▸ What is needed: Your copy should hold only the lines from the one with "Мужские часы, мужской" to the one with "Oly joined the", both included, each exactly as it stands below, with no pictures.

---- Provided data

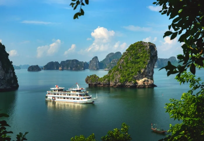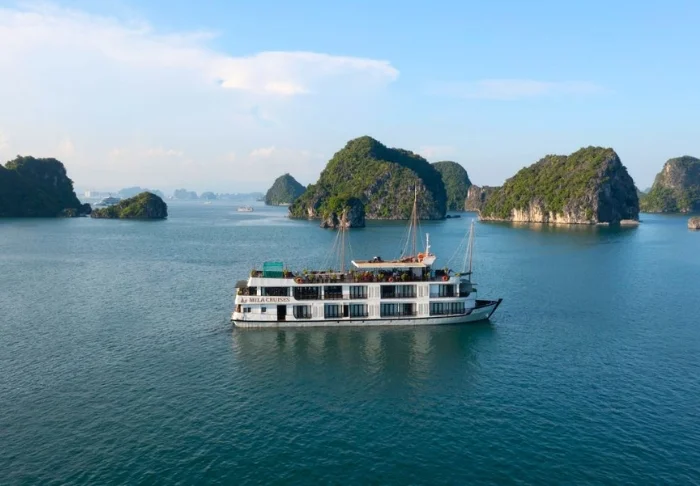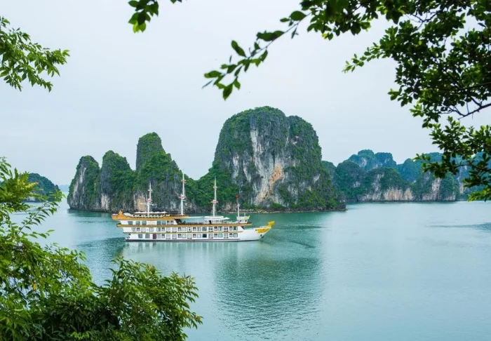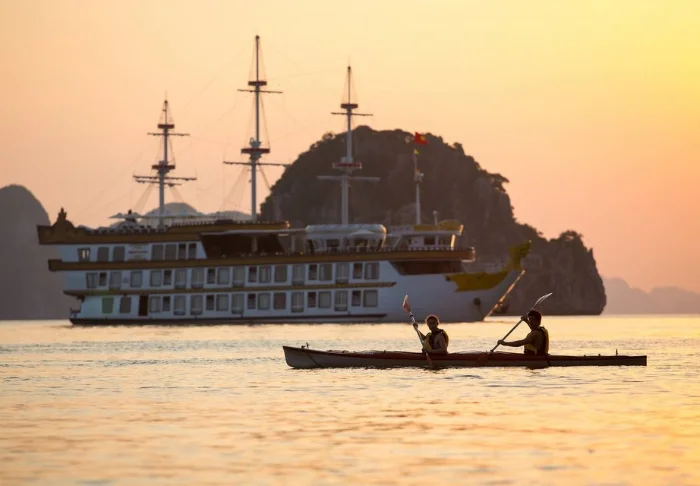 An Bord erwarten Sie ein Sonnendeck und ein Restaurant, in dem bei beeindruckender Kulisse frisch gefangener Fisch und vietnamesische Spezialitäten serviert werden, während das Schiff langsam durch die atemberaubende Landschaft gleitet. Tagsüber legt das Boot an einsamen Inseln und kleinen Fischerdörfern an. Sie können an Kajak-Ausflügen teilnehmen, Höhlen erkunden oder direkt vom Heck aus ins Wasser springen. Die Abende an Bord sind von Ruhe, Stille und einem funkelnden Sternenhimmel geprägt, vielleicht mit einem kühlen Getränk auf dem Deck.
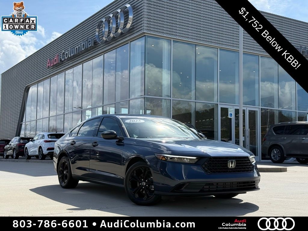 2025 Honda Accord SE Clean CarFax, Local Trade, One Owner, Well Maintained, 4-Wheel Disc Brakes, ABS brakes, Alloy wheels, Apple CarPlay/Android Auto, Auto High-beam Headlights, Automatic temperature control, Blind Spot Information (BSI) System warning, Dual front impact airbags, Dual front side impact airbags, Emergency communication system: HondaLink Assist, Exterior Parking Camera Rear, Front anti-roll bar, Fully automatic headlights, Heated Front Bucket Seats, Knee airbag, Lane departure: Lane Keeping Assist System (LKAS) active, Low tire pressure warning, Occupant sensing airbag, Overhead airbag, Power moonroof, Rear anti-roll bar, Rear side impact airbag, Speed-sensing steering, Speed-Sensitive Wipers, Steering wheel mounted audio controls, Wheels: 17" x 7.5J Berlina Black.
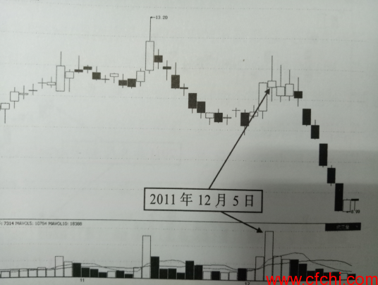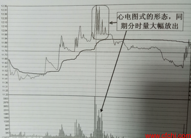 如图3所示为航民股份2011年12月5日分时图,当日此股在盘中高点出现了这种放量心电图形态,这种形态极为“不自然”,它已经脱离了正常市场交投下应产生的形态这一一范畴。其实,这正是主力对倒操作的产物,在实盘操作中,它是一鲜明的下跌信号。如图4所示为此股2011年12月5日前后的运行情况,从此股的日K线走势来看,当日正处于一被反弹后的高点,因而,当日的这种放量心电图形志预示着短期反弹走势结束,新一-轮下跌行情将展开,在实盘操作中,股民若参与了博取反弹操作,则此时应及时卖股离场,保住来之不易的短线利润。
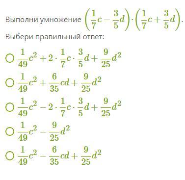 1) \frac{1}{49}c^2-\frac{9}{25}d^2\\2) (u^3g^6-1)(u^3g^6+1)\\3) 8d^3-4d^2c^5+2dc^{10}+4d^2c^5-2dc^{10}+c{15}= 8d^3+c^{15}\\4)25x^2-64y^2-25x^2=-64y^2=-64*0,01=-0,64
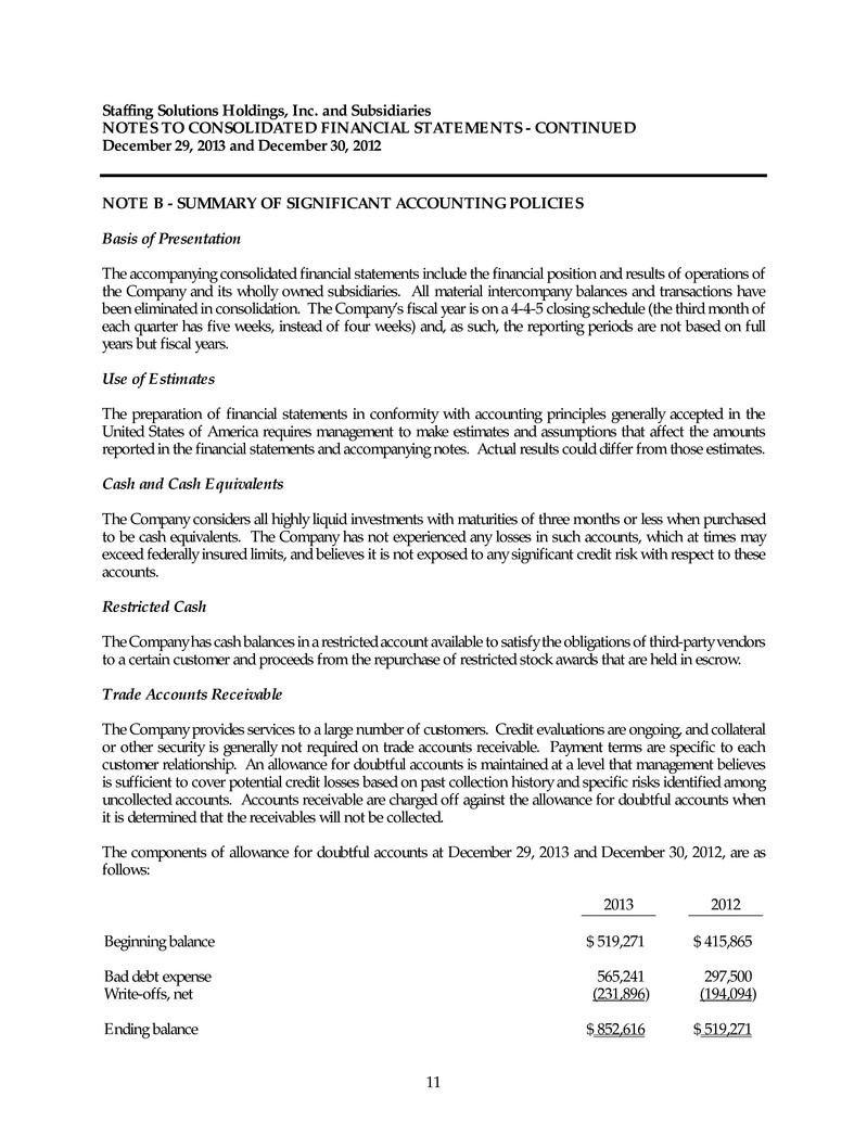 Staffing Solutions Holdings, Inc. and Subsidiaries NOTES TO CONSOLIDATED FINANCIAL STATEMENTS - CONTINUED December 29, 2013 and December 30, 2012 11 NOTE B - SUMMARY OF SIGNIFICANT ACCOUNTING POLICIES Basis of Presentation The accompanying consolidated financial statements include the financial position and results of operations of the Company and its wholly owned subsidiaries. All material intercompany balances and transactions have been eliminated in consolidation. The Company’s fiscal year is on a 4-4-5 closing schedule (the third month of each quarter has five weeks, instead of four weeks) and, as such, the reporting periods are not based on full years but fiscal years. Use of Estimates The preparation of financial statements in conformity with accounting principles generally accepted in the United States of America requires management to make estimates and assumptions that affect the amounts reported in the financial statements and accompanying notes. Actual results could differ from those estimates. Cash and Cash Equivalents The Company considers all highly liquid investments with maturities of three months or less when purchased to be cash equivalents. The Company has not experienced any losses in such accounts, which at times may exceed federally insured limits, and believes it is not exposed to any significant credit risk with respect to these accounts. Restricted Cash The Company has cash balances in a restricted account available to satisfy the obligations of third-party vendors to a certain customer and proceeds from the repurchase of restricted stock awards that are held in escrow. Trade Accounts Receivable The Company provides services to a large number of customers. Credit evaluations are ongoing, and collateral or other security is generally not required on trade accounts receivable. Payment terms are specific to each customer relationship. An allowance for doubtful accounts is maintained at a level that management believes is sufficient to cover potential credit losses based on past collection history and specific risks identified among uncollected accounts. Accounts receivable are charged off against the allowance for doubtful accounts when it is determined that the receivables will not be collected. The components of allowance for doubtful accounts at December 29, 2013 and December 30, 2012, are as follows: 2013 2012 Beginning balance $ 519,271 $ 415,865 Bad debt expense 565,241 297,500 Write-offs, net (231,896) (194,094) Ending balance $ 852,616 $ 519,271
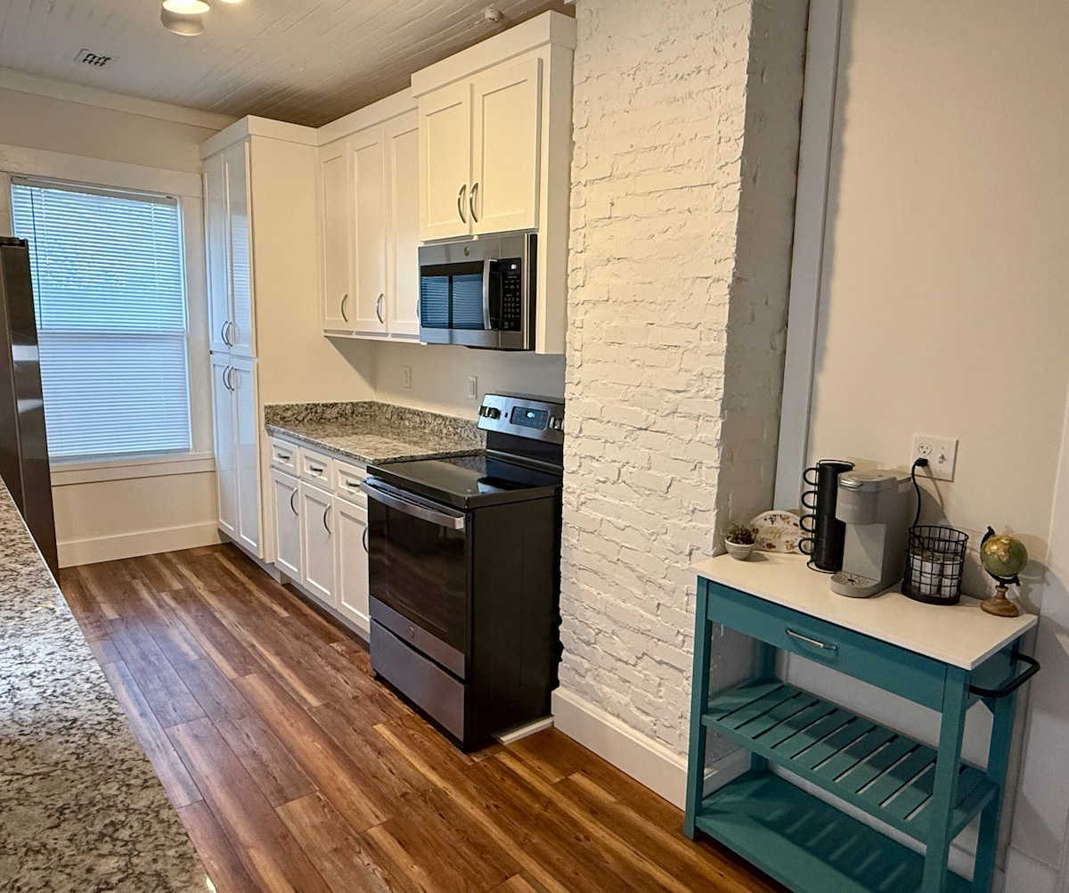 Kurerad stil inom gångavstånd till barer och restauranger i centrum, och bara 15 minuters bilresa till Pensacola Beach! Denna lägenhet har ett fullt utrustat kök, separat privat ingång, snabbt höghastighetsinternet, tvättmaskin och torktumlare, ett uppvärmt badrumsgolv och kommersiellt klassad ljudisolerad isolering. Lägenheten har 11ft tak, 100%cotton lyxiga sängkläder och kuddar, regndusch och en privat dedikerad parkeringsplats bara några steg från entrén.
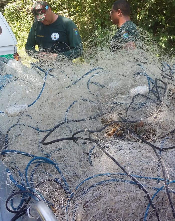 Campo Grande (MS) – Uma das preocupações da Polícia Militar Ambiental relativamente à pesca predatória é o uso de petrechos proibidos com grande poder de depredação de cardumes como as redes de pesca. Durante fiscalização no lago da usina Sérgio
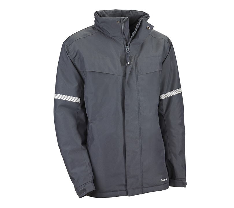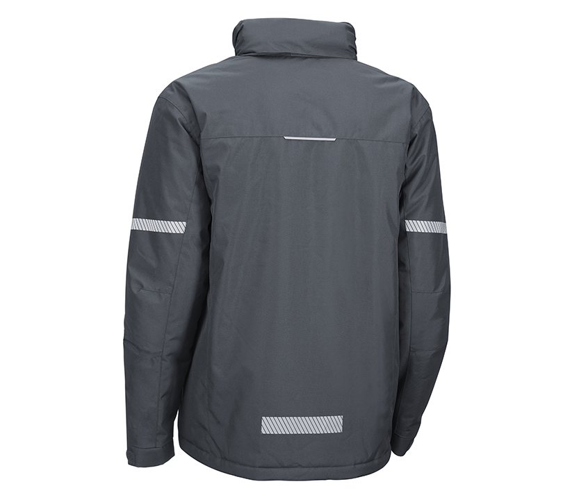 Parka acolchada con bandas reflectantes en brazos y trasera ideal para trabajar en entornos húmedos.
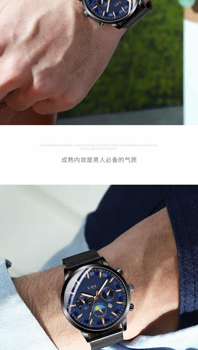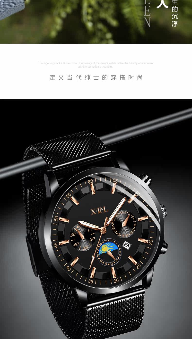 Мужские часы, мужской спортивный календарь, водонепроницаемые ультратонкие механические кварцевые часы, в корейском стиле
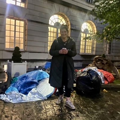Oly joined the big sleep out, and Natalie Moran from the charity, for BBC Radio Leeds
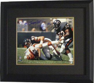 Dan Hampton was drafted by the Bears in the first round of the 1979 draft. In 1979 he was voted All-Rookie by the Pro Football Writers Association. The following year he was a Second-team All-Pro selection and was voted to his first Pro Bowl after recording 11½ sacks which lead the Bears. He was selected to four Pro Bowls and was a key defensive member of the Bears' Super Bowl XX win against the New England Patriots in 1985. Hampton was selected to the Pro Football Hall of Fame in 2002. He has hand signed this Chicago Bears 8x10 Photo with dual HOF 2002 & SB XX Champs inscriptions. Certificate of Authenticity from Athlon Sports. Custom Black Mat and Premium Black Frame as shown.
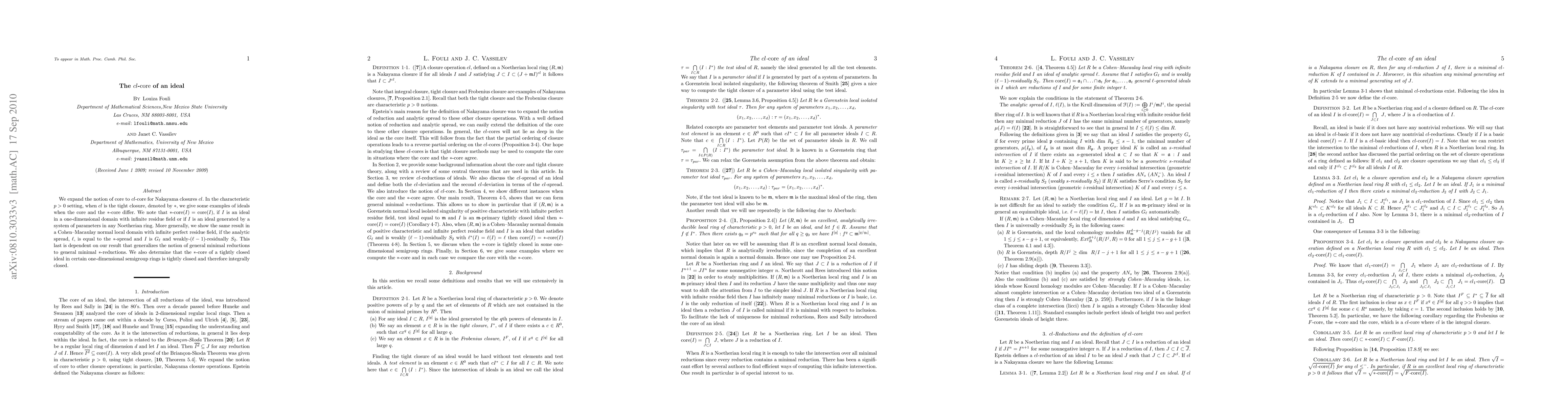 We expand the notion of core to $cl$-core for Nakayama closures $cl$. In the characteristic $p>0$ setting, when $cl$ is the tight closure, denoted by *, we give some examples of ideals when the core and the *-core differ. We note that *-core$(I)=$ core$(I)$, if $I$ is an ideal in a one-dimensional domain with infinite residue field or if $I$ is an ideal generated by a system of parameters in any Noetherian ring. More generally, we show the same result in a Cohen--Macaulay normal local domain with infinite perfect residue field, if the analytic spread, $\ell$, is equal to the *-spread and $I$ is $G_{\ell}$ and weakly-$(\ell-1)$-residually $S_2$. This last is dependent on our result that generalizes the notion of general minimal reductions to general minimal *-reductions. We also determine that the *-core of a tightly closed ideal in certain one-dimensional semigroup rings is tightly closed and therefore integrally closed.

--------

▸ Exercise result:
 Мужские часы, мужской спортивный календарь, водонепроницаемые ультратонкие механические кварцевые часы, в корейском стиле
Oly joined the big sleep out, and Natalie Moran from the charity, for BBC Radio Leeds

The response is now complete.